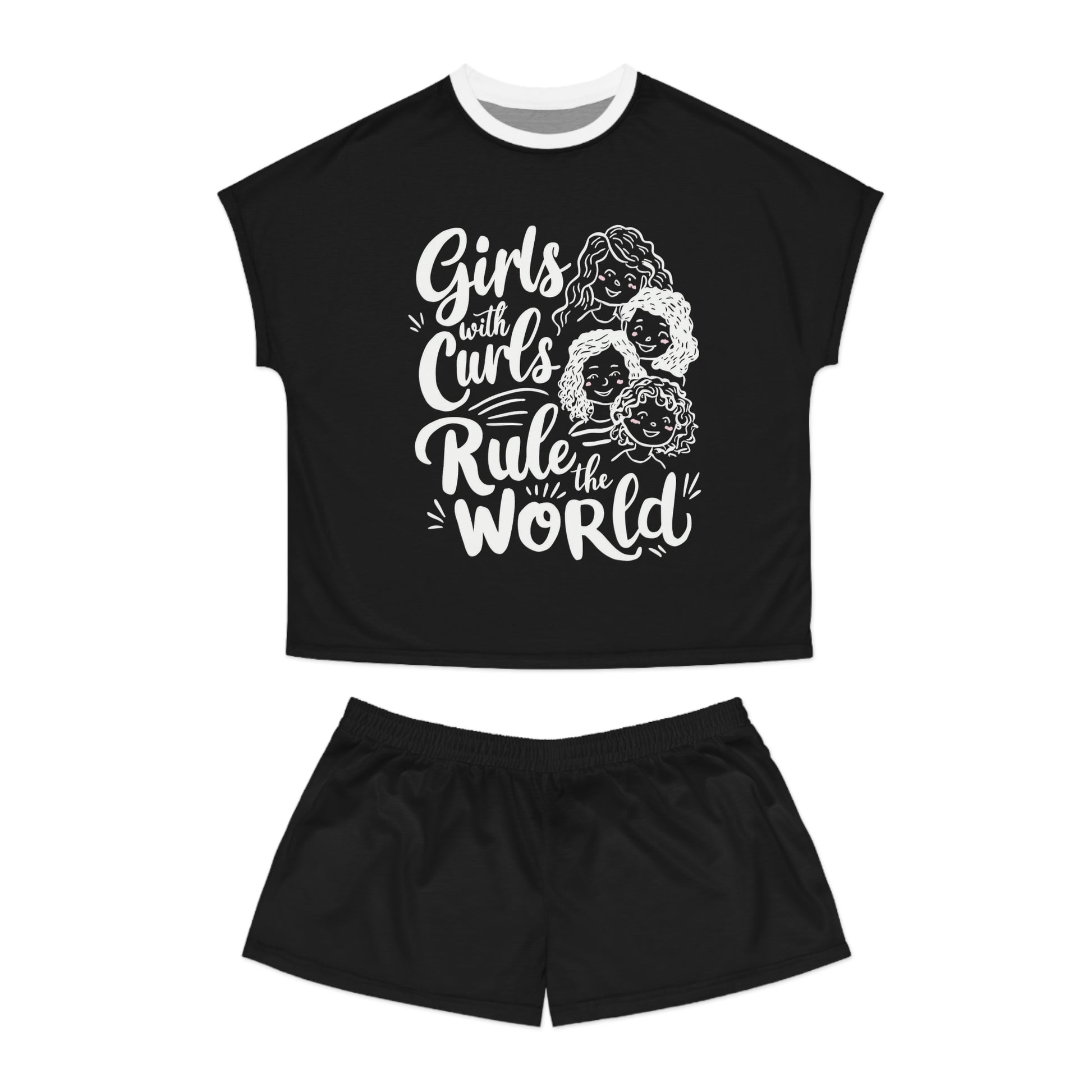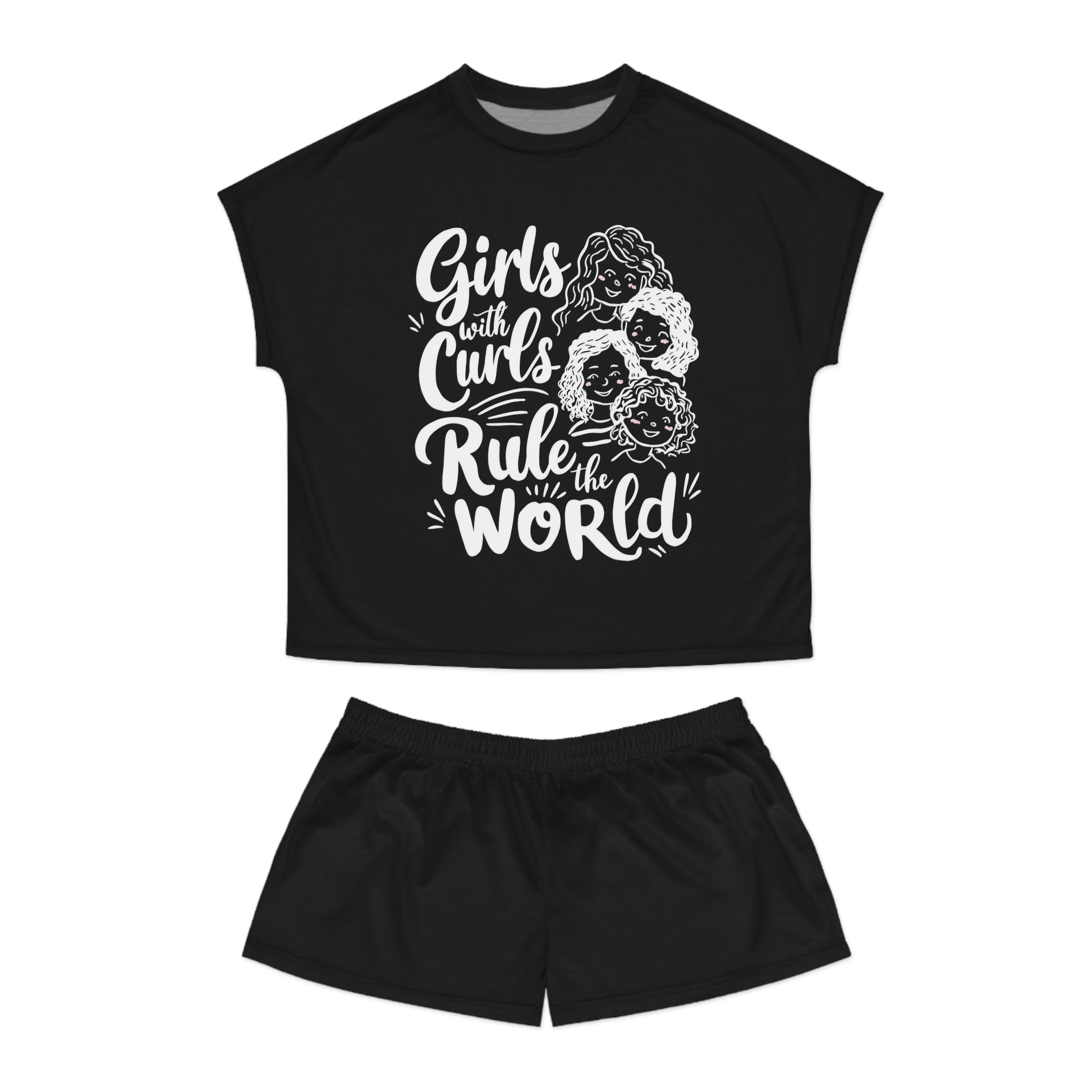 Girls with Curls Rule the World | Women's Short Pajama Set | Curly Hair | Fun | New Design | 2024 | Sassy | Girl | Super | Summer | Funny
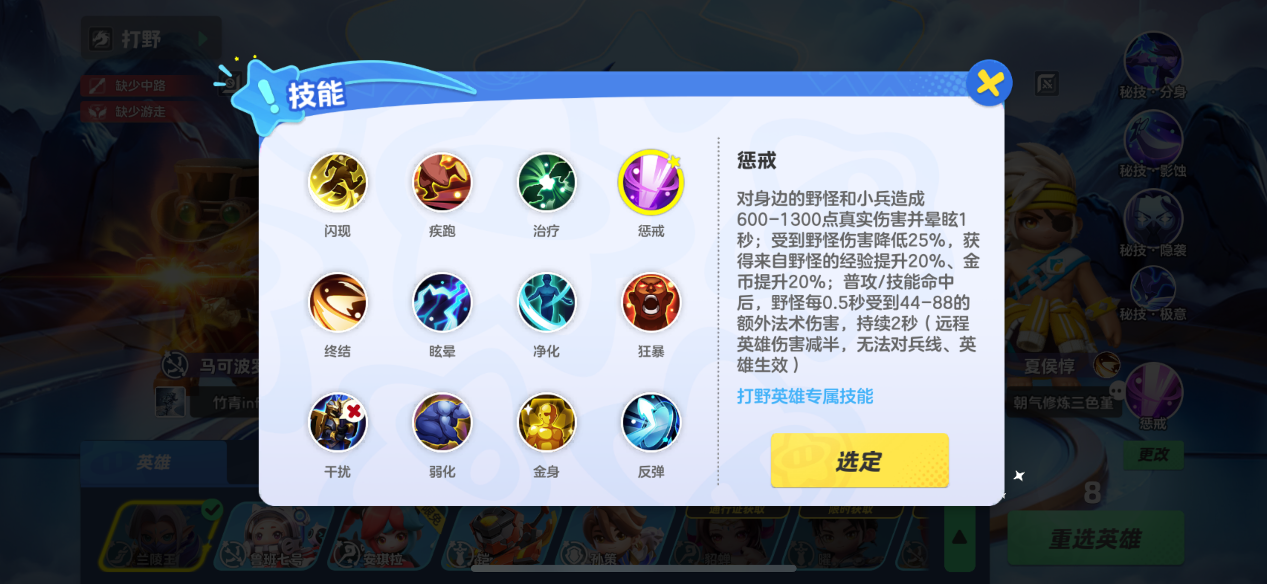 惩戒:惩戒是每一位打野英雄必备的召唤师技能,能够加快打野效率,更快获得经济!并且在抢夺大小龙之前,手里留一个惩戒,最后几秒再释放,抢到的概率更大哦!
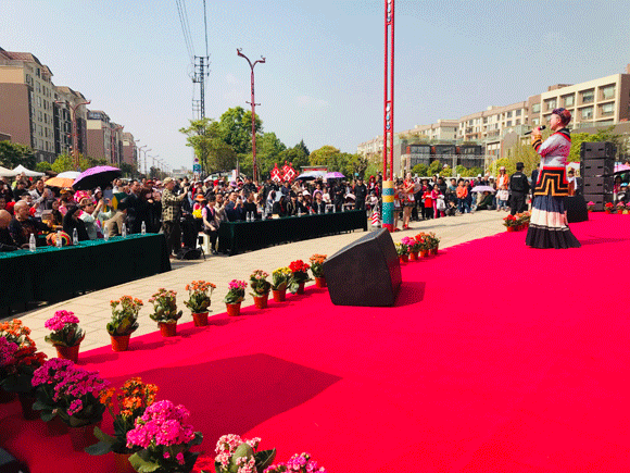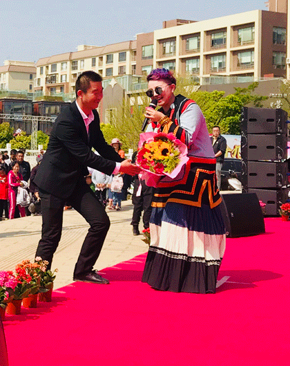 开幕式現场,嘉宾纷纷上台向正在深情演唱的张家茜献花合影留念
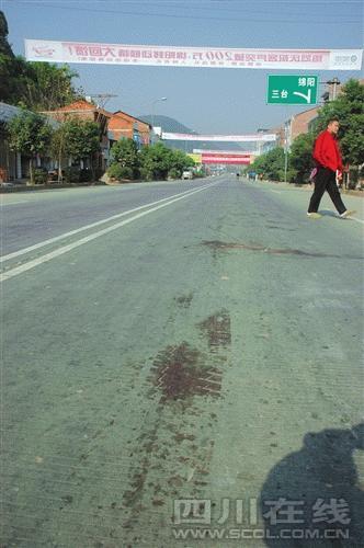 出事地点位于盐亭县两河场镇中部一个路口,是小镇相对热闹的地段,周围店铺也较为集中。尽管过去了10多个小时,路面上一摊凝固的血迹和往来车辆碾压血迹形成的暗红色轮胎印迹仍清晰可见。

********

Give again the lines from the line that contains "惩戒:惩戒是每一位打野英雄必" through the last line of the material above, exactly and with both ends included. Omit the pictures.

> **Exercise result**
 惩戒:惩戒是每一位打野英雄必备的召唤师技能,能够加快打野效率,更快获得经济!并且在抢夺大小龙之前,手里留一个惩戒,最后几秒再释放,抢到的概率更大哦!
 开幕式現场,嘉宾纷纷上台向正在深情演唱的张家茜献花合影留念
 出事地点位于盐亭县两河场镇中部一个路口,是小镇相对热闹的地段,周围店铺也较为集中。尽管过去了10多个小时,路面上一摊凝固的血迹和往来车辆碾压血迹形成的暗红色轮胎印迹仍清晰可见。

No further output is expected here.